A summary of the main characteristics of the cohort of 152 CML patients is reported in Table 1.
Median age at diagnosis was 53 years (range 17–81 years), with 96 males (63.2%) and 56 females (36.8%). Treatment downgrading was attempted with a median time of 56 months from diagnosis (range 2–323 months) and 32 months from the start of the treatment with the downgraded TKI (range 2–162 months). We investigated the impact of the risk assessed via SOKAL and EUTOS scores, which were the routinely available prognostic tools within the dataset; the ELTS score, which has been shown to better predict CML-related mortality in the TKI era, was not uniformly available in this dataset and should be considered in future prospective analyses. SOKAL and EUTOS risk distributions are reported in Table 1. Among the survey participants, 56 (37%), 52 (34%), and 30 (20%) exhibited low, intermediate and high SOKAL risk, respectively. Data were not available for 14 patients (9%). In contrast, 79 (52%) and 14 (9%) survey participants had low and high EUTOS risk, respectively, with data not available for 59 patients (39%). Downgrading was applied across different baseline risk categories, suggesting that this strategy was not limited to patients with low-risk disease at diagnosis.

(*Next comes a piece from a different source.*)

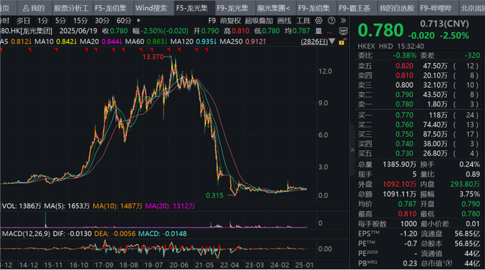 但2022年,龙光地产深陷债务危机后,纪凯婷辞任公司非执行董事,全面退出管理层。如今,龙光集团最新市值跌至42亿元,为高点时的一折不到。面对这样的K线图,纪海鹏回归管理一线,是必然结果,若由年轻的纪凯婷来承担,或许责任太重了点。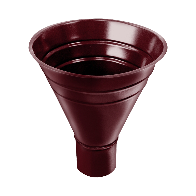 Воронка водосборная D125/90 мм винно-красная RAL3005 с покрытием Granite Double от Гранд Лайн. Элемент водосточной системы, применяется для сбора воды со сложных форм крыш, фальцевых кровель, в тех случаях, когда сток не организован посредством желоба.

The type of therapy prior to downgrading was analyzed to determine the impact and management strategy of downgrading. The majority of the patients (91, 60%) experienced downgrading after the first therapy line, followed by 38 patients (25%) and 15 patients (10%) who were downgraded after the second and the third line, respectively. Only eight (5%) patients experienced downgrading after at least four therapeutic lines (Figure 1A). The medications taken by patients before downgrading were nilotinib (n = 72, 47%), dasatinib (n = 56, 37%), ponatinib (n = 17, 11%), bosutinib (n = 6, 4%), and asciminib (n = 1, 1%; Figure 1B). The downgrading strategy was preceded by TKI dose de-escalation in 87 (57%) patients. Among them, 38/87 (43.6%) were receiving nilotinib, 33/87 (37.9%) dasatinib, 11/87 (12.6%) ponatinib, 4/87 (4.5%) bosutinib, and 1/87 (1.1%) asciminib. Dose de-escalation was performed mainly due to extra-hematological (n = 78, 90%) or hematological (n = 6, 7%) toxicity with the last TKI prescribed for a median of 32 months (range 3–162 months) before downgrading. Systematic dose data were not uniformly available across centres. Dose reduction for de-escalation was defined as any dose lower than the approved standard dose.
Combining the SOKAL risk data with the type of therapy before downgrading, similar results were observed for each treatment in patients with low, intermediate, and high SOKAL scores (Figure 2A–C). The single patient receiving asciminib was reported descriptively and was not considered suitable for comparative interpretation. A comparison of EUTOS scores with treatment type prior to downgrading showed the same trend (Figure 2D,E). The pre-downgrading line of therapy was initiated at a median time of 1 month after diagnosis, according to the fact that the majority of patients experienced downgrading after the first therapy line.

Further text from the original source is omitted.